The original bzip2 was written by Julian Seward in 1996 for CPUs where computation
was the bottleneck and memory was fast relative to the clock. Modern hardware has
inverted this: CPUs are wide and fast, but memory latency (100+ cycles to L3)
dominates. The algorithm is identical — these optimizations adapt the *mechanics*
to 2020s hardware.

| Optimization | Hardware shift since '96 | What we changed |
|---|---|---|
| **Thread-local buffer pool** | RAM is cheap, cores are many | Reuse 3.6 MB `tt` buffers per thread instead of alloc/free per block |
| **2-step prefetch lookahead** | L3 latency now 100+ cycles vs ~10 in '96 | Prefetch the BWT pointer chain 2 hops ahead — hide L3 latency |
| **Packed Huffman tables** | L1 cache is precious (32–48 KB) | Pack entries into `u16`, shrink from 96 KB → 12 KB — all 6 tables fit L1 |
| **64-bit bulk bitreader** | Registers are 64-bit | Load 8 bytes in one shot instead of byte-at-a-time loop |
| **Raw pointer output** | Branch prediction is deep but mispredicts are costly | Skip Vec bounds check per byte, `memset` for repeat runs |
| **MTF fast paths** | Branch prediction loves hot paths | Special-case n=0 (no-op) and n=1 (swap) — the two most common indices |
| **Group-of-50 inner loop** | Tight loops let the CPU speculate and prefetch better | Eliminate per-symbol counter check; fixed tree pointer for 50 symbols |
| **Zero per-block heap allocs** | Allocator calls are serialized contention points | All Huffman tables, selectors, bitmaps live on the stack — only `tt` (pooled) and output (returned) allocate |

### Benchmark (liechtenstein.osm.bz2, 5.2 MB → 60 MB)

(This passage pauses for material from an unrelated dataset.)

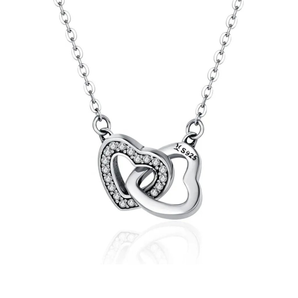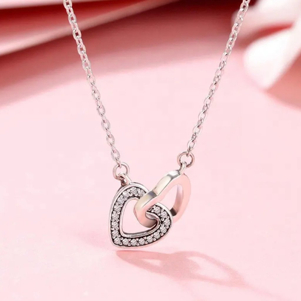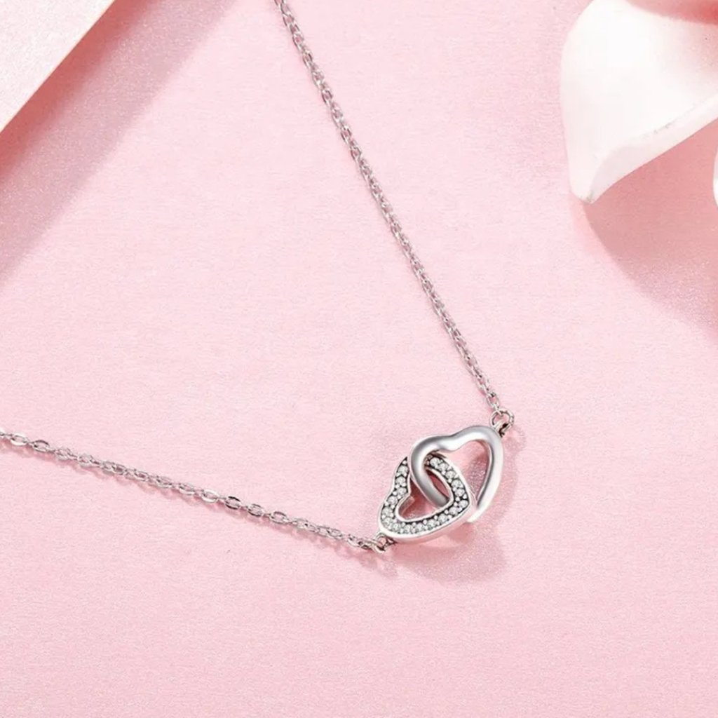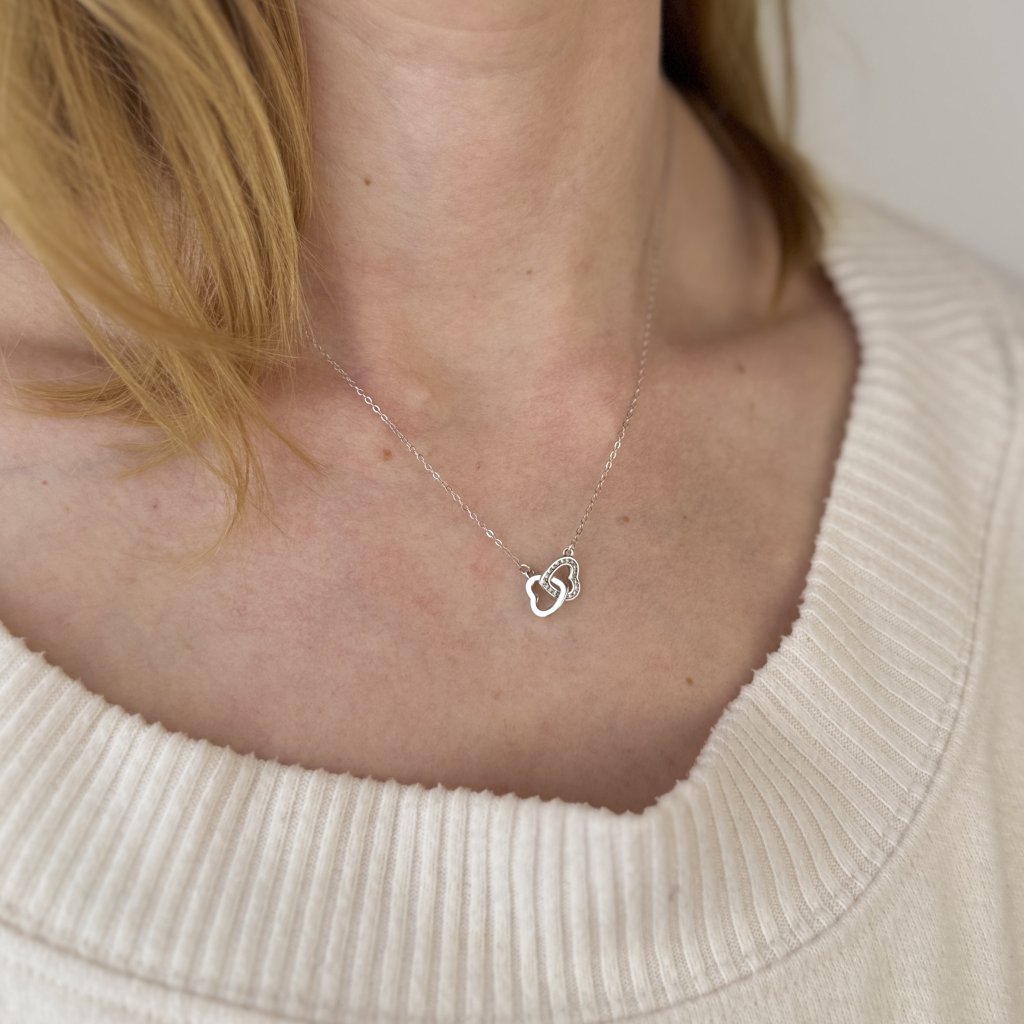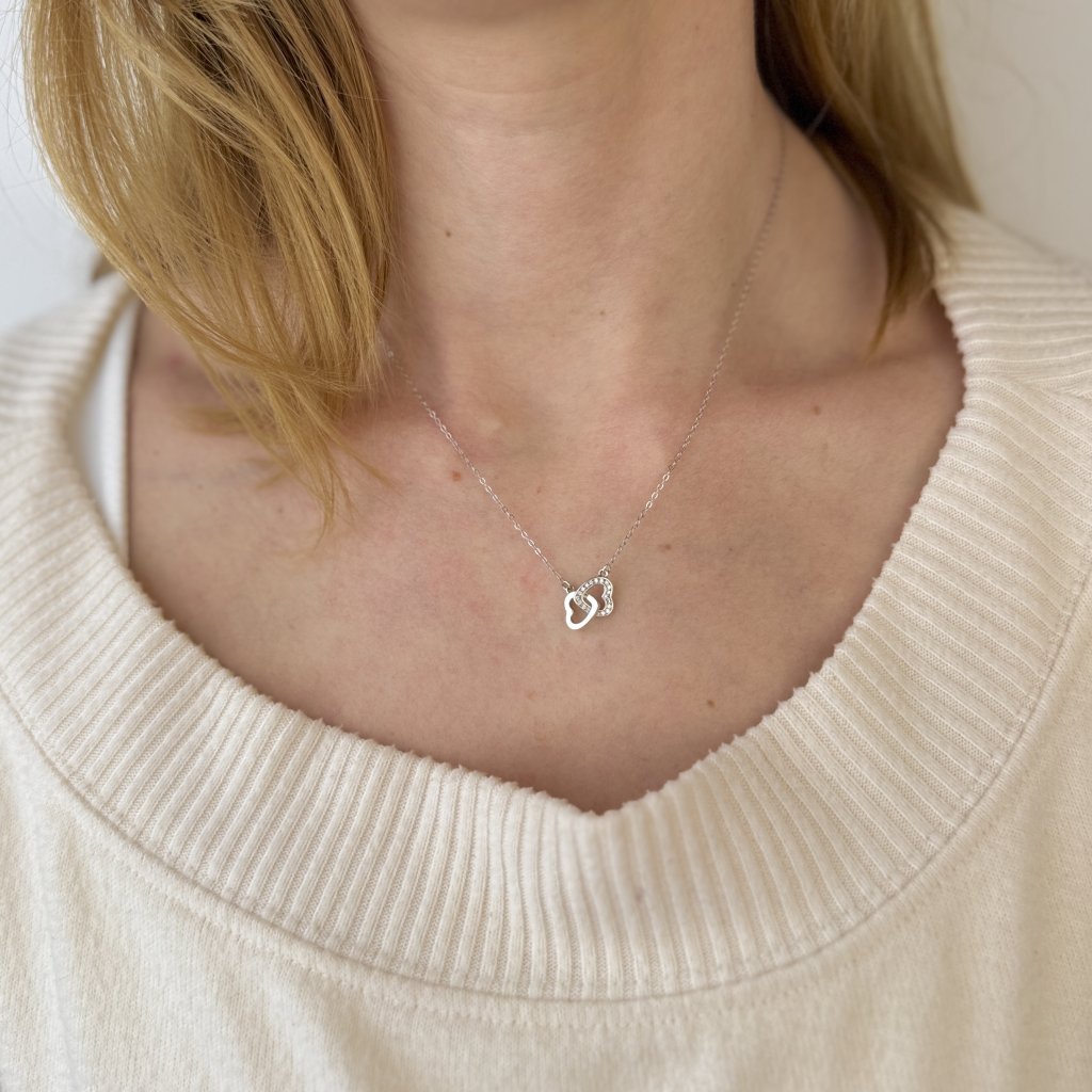 Wisiorek o wymiarach 10 × 15 mm przedstawia dwa wzajemnie splecione serca, z których jedno jest ozdobione błyszczącymi cyrkoniami, a drugie wyróżnia się czystą formą. Łańcuszek z regulowaną długością 38 + 8 cm możesz nosić jako choker lub klasyczny naszyjnik.

| Mode | Throughput | vs C libbz2 |
|---|---|---|
| C libbz2 (single-thread) | 108 MB/s | 1.0× |
| lbzip2-rs (single-thread) | 143 MB/s | 1.3× |
| lbzip2-rs (parallel, 12 threads) | 731 MB/s | 6.8× |

### Stage breakdown (single-thread, 71 blocks)

| Stage | Time | % |
|---|---|---|
| Header + bitmap + selectors + trees | 3 ms | 0.8% |
| Huffman decode + MTF + RLE1 | 98 ms | 25% |
| Inverse BWT | 35 ms | 9% |
| RLE2 + output | 249 ms | 65% |
| **Total** | **384 ms** | |

The RLE2 stage dominates because the inverse BWT traversal is a dependent pointer
chain through a 3.6 MB array — fundamentally memory-latency-bound. The 2-step
prefetch hides most of L3 latency but cannot eliminate the serial dependency.